The data below contains pictures, which are to be skipped; the lines starting at the line with "моющего средства |" and ending at the line with "Using data with" are to be output exactly, both ends included.

====== ENTRIES SHOWN

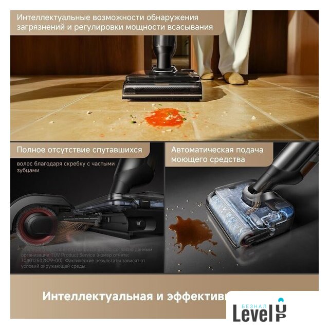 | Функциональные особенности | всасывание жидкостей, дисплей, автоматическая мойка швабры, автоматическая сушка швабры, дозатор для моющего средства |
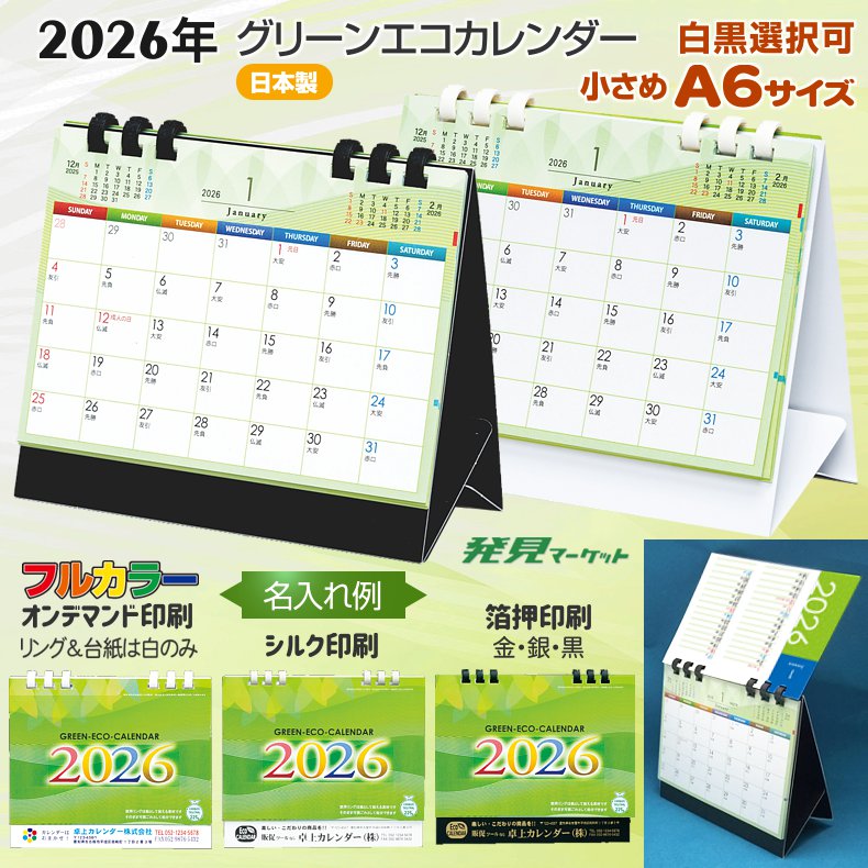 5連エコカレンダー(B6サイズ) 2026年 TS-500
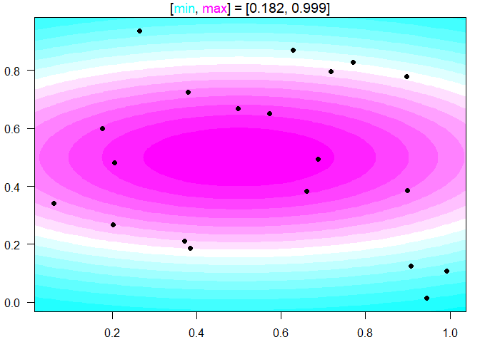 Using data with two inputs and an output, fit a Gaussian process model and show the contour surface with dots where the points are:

============
====== ENTRIES SHOWN

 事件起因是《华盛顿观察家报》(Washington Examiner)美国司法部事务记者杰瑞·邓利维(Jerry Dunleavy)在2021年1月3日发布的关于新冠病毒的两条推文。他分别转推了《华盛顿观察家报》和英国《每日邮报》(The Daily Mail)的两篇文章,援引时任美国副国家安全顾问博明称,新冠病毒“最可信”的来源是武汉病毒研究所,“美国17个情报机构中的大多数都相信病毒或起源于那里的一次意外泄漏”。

============

▸ ANSWER TO THE EXERCISE
 | Функциональные особенности | всасывание жидкостей, дисплей, автоматическая мойка швабры, автоматическая сушка швабры, дозатор для моющего средства |
 5連エコカレンダー(B6サイズ) 2026年 TS-500
 Using data with two inputs and an output, fit a Gaussian process model and show the contour surface with dots where the points are:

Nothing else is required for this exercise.